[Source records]
____________
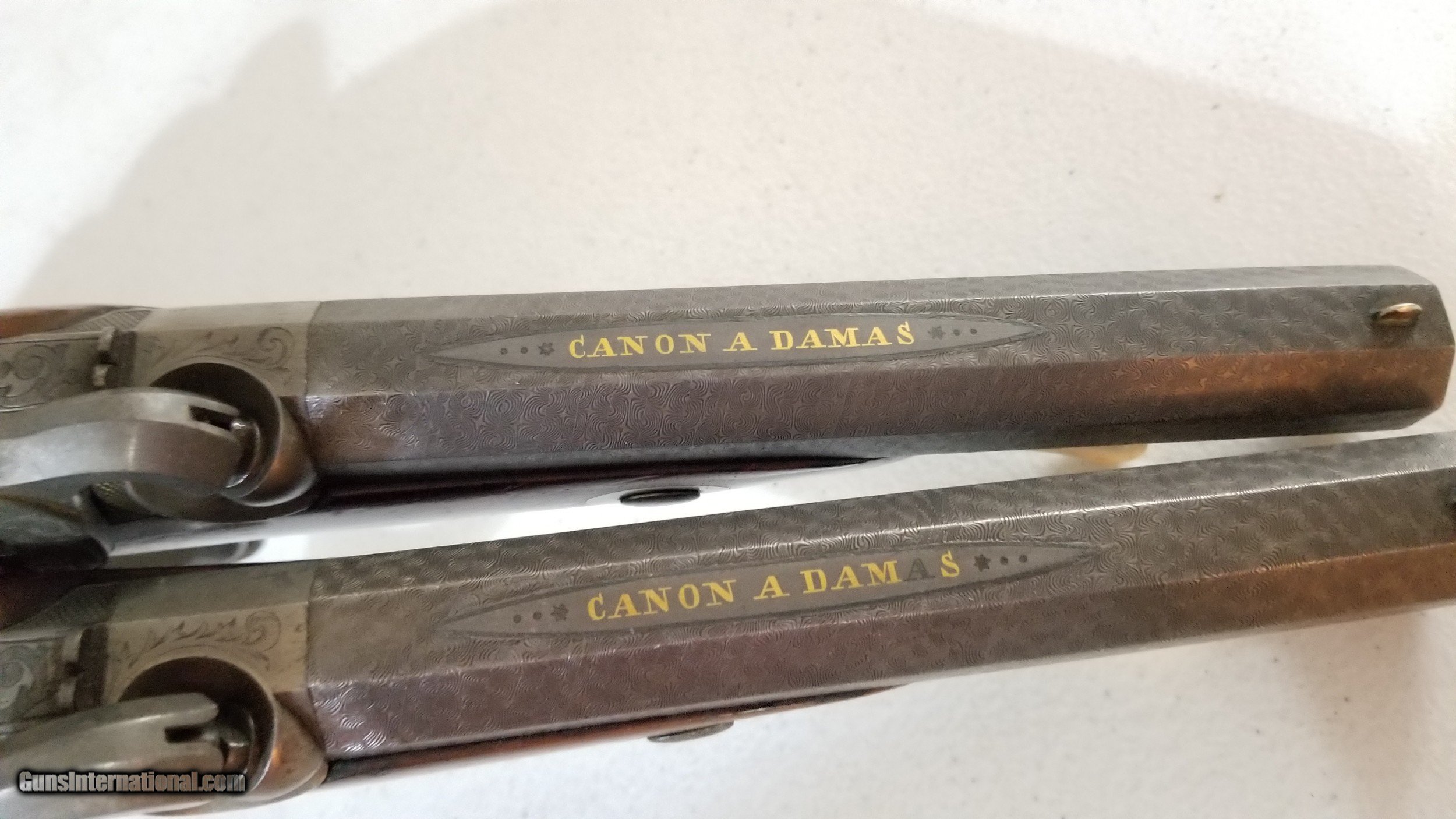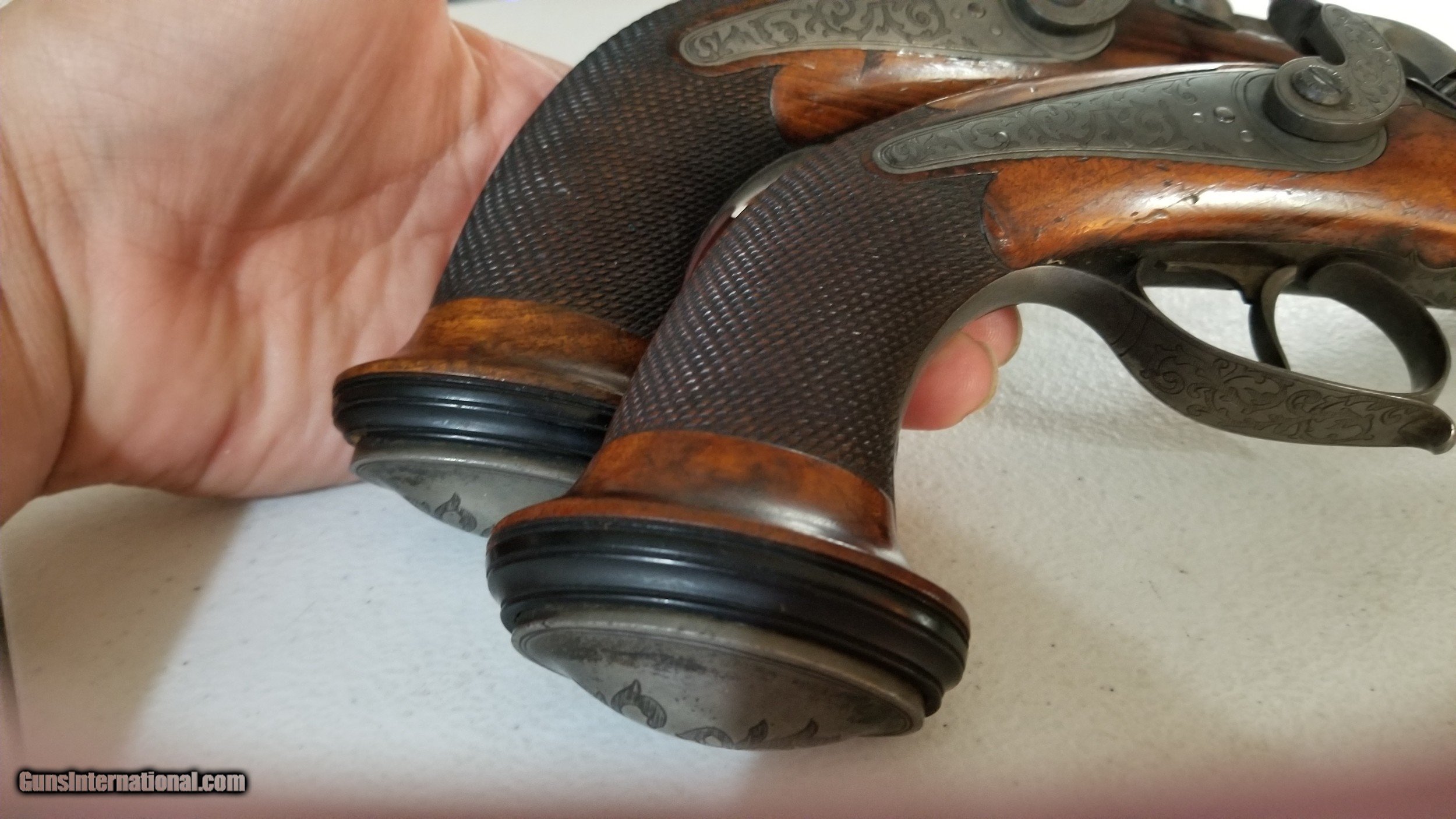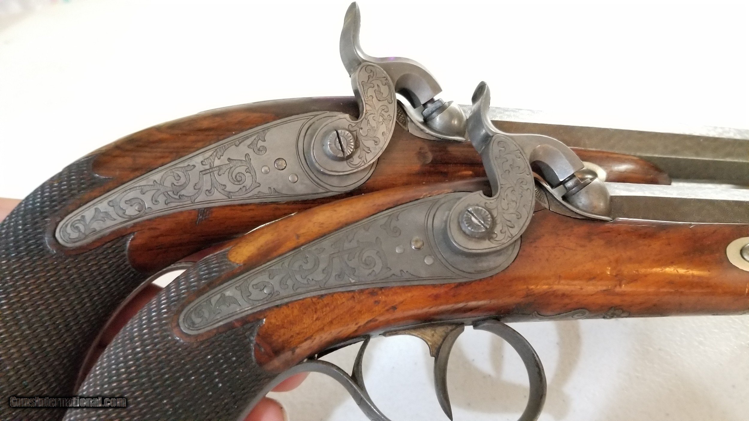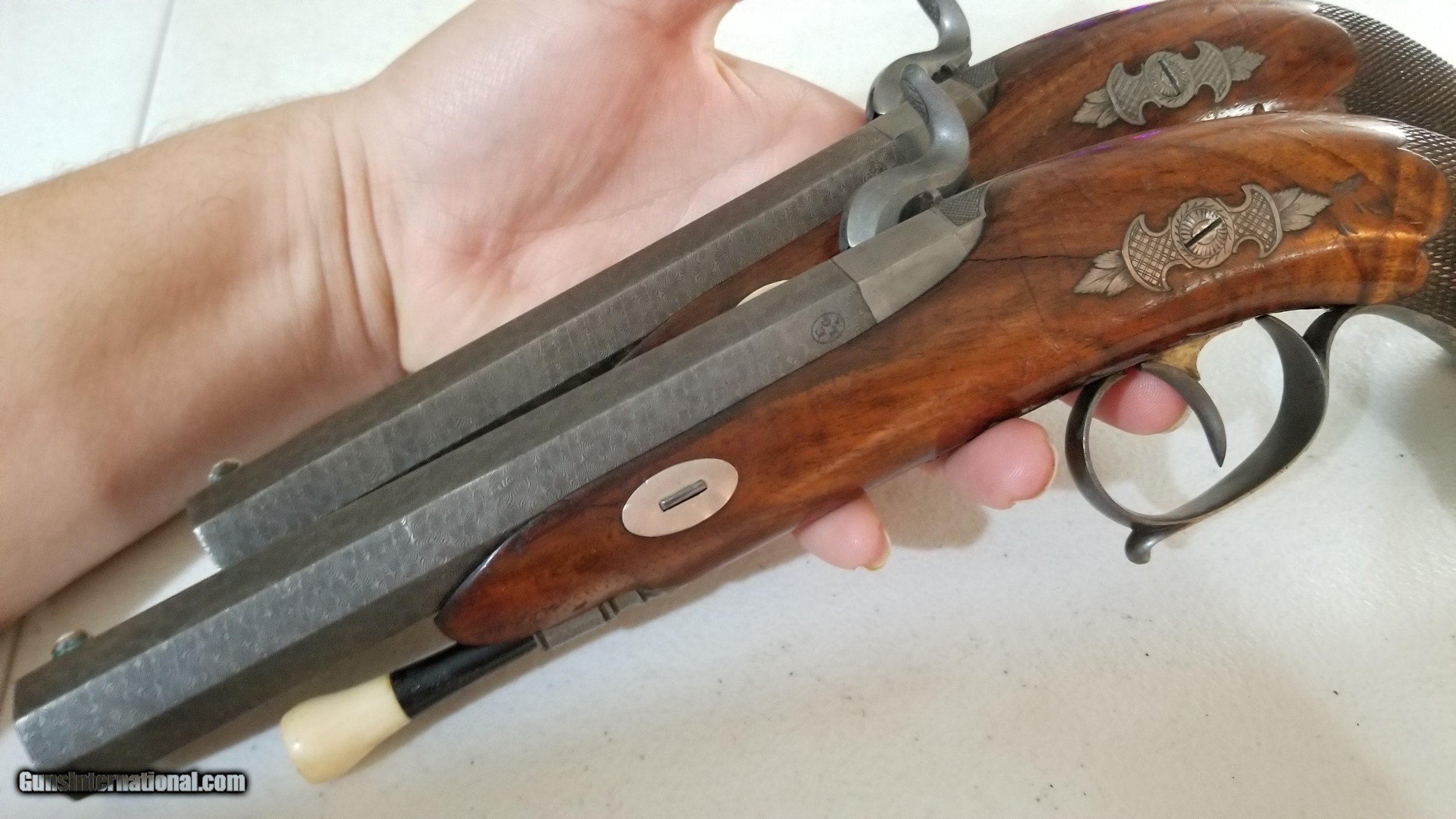 Description: Pair of Engraved Belgain .61 Cal Percussion Dueling / Target Pistols. Barrels are 5-13/16 inches. Wonderfully engraved, marvelous damascus octogon barrels w/ hand cut microgroove type rifling. One has fancy wood stock, while the other is more mundane, both have matching original finish on wood. They have carved Ebony and engraved butts. Both are marked "Canon A Damas" which inidcates the damasus barrel, and both are marked with a visable the Belgain Proof mark on barrel. They each have an ebony & ivory ramrod, each with different tools attached at ends. Both have a little german silver shield a top of the grip. The one with the fancy wood stock has 3 visible hairline cracks, while the other has non. Both ramrods have been repaired. Overall condition is around 80-85%. Feel free to ask questions. Shipping will be free for this listing. Comes from an estate in Wichita Falls, TX. Offers will be considered. SOLD Antique: Yes Serial Number: none Caliber Info: 61 Bore: 20 Condition: 83% Metal Condition: 85% Wood Condition: 75% Bore Condition: 90% Action: Percussion Manufacture Date: C. 1840's |
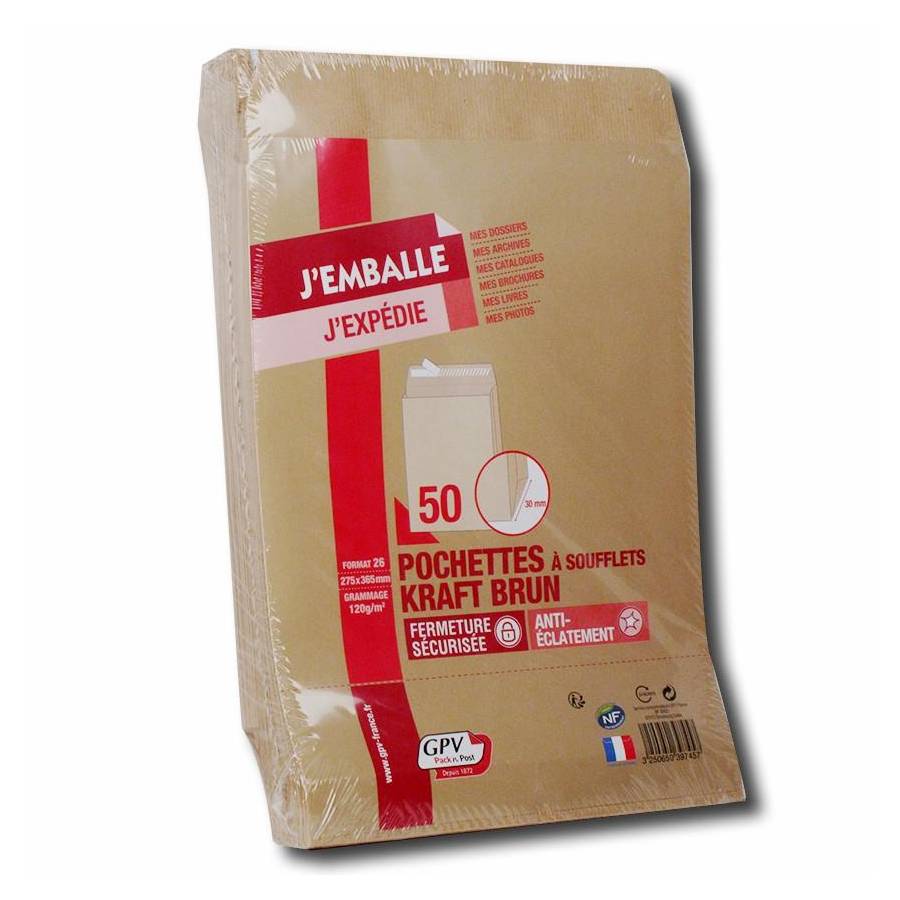 Paquet de 50 sacs à soufflets kraft brun 26 280x375 120 g/m² bande de protection
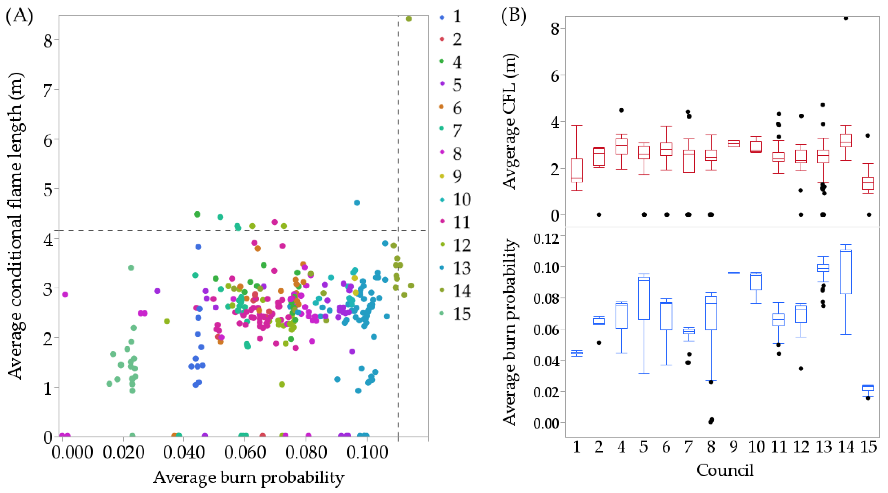 30]. Both burn probability and fire intensity in the home ignition zone (HIZ, the immediate 30–60 m-buffer area around dwellings) [
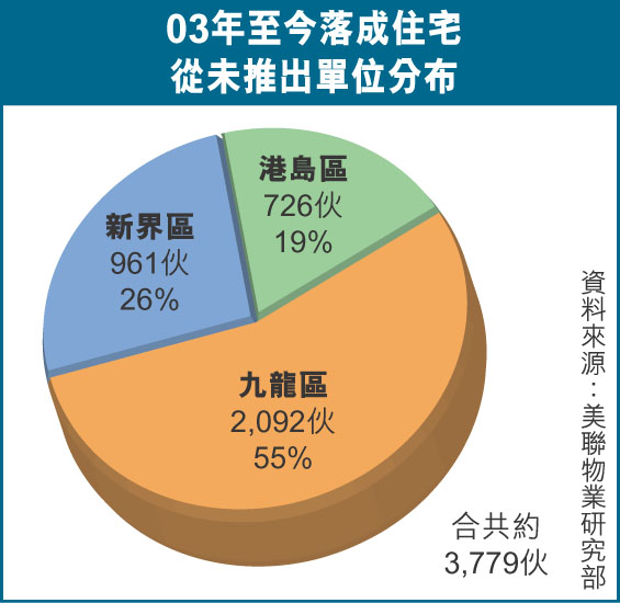 03年至今落成住宅從未推出單位分布 (圖)
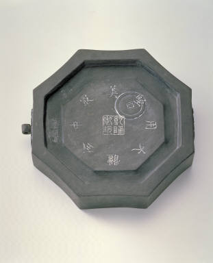 The ink-slab is made of duan stone and imitates the shape of the Eight Diagrams. The left and right sides have sculpted decoration of the face of a beast and a fastening knob. The left knob is broken off. The three sinks situated on the upper part are water holders for moistening brushes. Each is 0.4 cm deep. A channel is dug on the surrounding of the inkstone, and the shallow depression in the middle is the ink-face where ink is ground. On the upper part of the inkstone, two li-shu (square style) characters are incised, "Guan" and "Xian" (which means observing the stars). On the rim of the upper part, there are two chased li-shu (square style) characters, "Tang" and "Xian" (Inkstone from Tang period). The ink-slab back has a depression of 0.6cm depth, and on the surrounding is a chased palindrome inscription in yauqiti, a writing style dated back to Liang Dynasty. The palindrome writes, "Solid and majestic, the most beautiful of all." The middle is carved with four characters, "An object for amusement of Qianlong." The upper right side has faint traces of pre-chin bronze coin decoration.
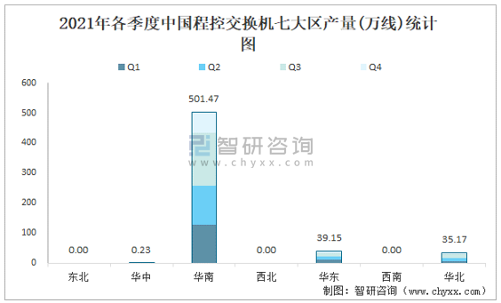 2021年各季度中國程控交換機(jī)七大區(qū)產(chǎn)量統(tǒng)計(jì)圖
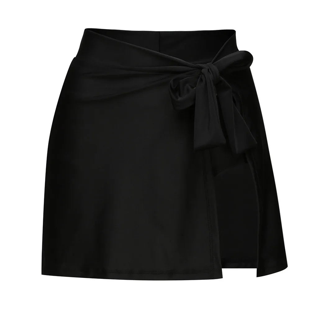 Женская летняя пляжная одежда, сексуальное однотонное бикини со шнуровкой, низ с бантом, боковая юбка для плавания с короткой женской черной купальной одеждой для 2020
____________
* [WORK TO COMPLETE]:
Exactly as they appear above, give the records again, without their pictures.

* [RESPONSE]:
 Description: Pair of Engraved Belgain .61 Cal Percussion Dueling / Target Pistols. Barrels are 5-13/16 inches. Wonderfully engraved, marvelous damascus octogon barrels w/ hand cut microgroove type rifling. One has fancy wood stock, while the other is more mundane, both have matching original finish on wood. They have carved Ebony and engraved butts. Both are marked "Canon A Damas" which inidcates the damasus barrel, and both are marked with a visable the Belgain Proof mark on barrel. They each have an ebony & ivory ramrod, each with different tools attached at ends. Both have a little german silver shield a top of the grip. The one with the fancy wood stock has 3 visible hairline cracks, while the other has non. Both ramrods have been repaired. Overall condition is around 80-85%. Feel free to ask questions. Shipping will be free for this listing. Comes from an estate in Wichita Falls, TX. Offers will be considered. SOLD Antique: Yes Serial Number: none Caliber Info: 61 Bore: 20 Condition: 83% Metal Condition: 85% Wood Condition: 75% Bore Condition: 90% Action: Percussion Manufacture Date: C. 1840's |
 Paquet de 50 sacs à soufflets kraft brun 26 280x375 120 g/m² bande de protection
 30]. Both burn probability and fire intensity in the home ignition zone (HIZ, the immediate 30–60 m-buffer area around dwellings) [
 03年至今落成住宅從未推出單位分布 (圖)
 The ink-slab is made of duan stone and imitates the shape of the Eight Diagrams. The left and right sides have sculpted decoration of the face of a beast and a fastening knob. The left knob is broken off. The three sinks situated on the upper part are water holders for moistening brushes. Each is 0.4 cm deep. A channel is dug on the surrounding of the inkstone, and the shallow depression in the middle is the ink-face where ink is ground. On the upper part of the inkstone, two li-shu (square style) characters are incised, "Guan" and "Xian" (which means observing the stars). On the rim of the upper part, there are two chased li-shu (square style) characters, "Tang" and "Xian" (Inkstone from Tang period). The ink-slab back has a depression of 0.6cm depth, and on the surrounding is a chased palindrome inscription in yauqiti, a writing style dated back to Liang Dynasty. The palindrome writes, "Solid and majestic, the most beautiful of all." The middle is carved with four characters, "An object for amusement of Qianlong." The upper right side has faint traces of pre-chin bronze coin decoration.
 2021年各季度中國程控交換機(jī)七大區(qū)產(chǎn)量統(tǒng)計(jì)圖
 Женская летняя пляжная одежда, сексуальное однотонное бикини со шнуровкой, низ с бантом, боковая юбка для плавания с короткой женской черной купальной одеждой для 2020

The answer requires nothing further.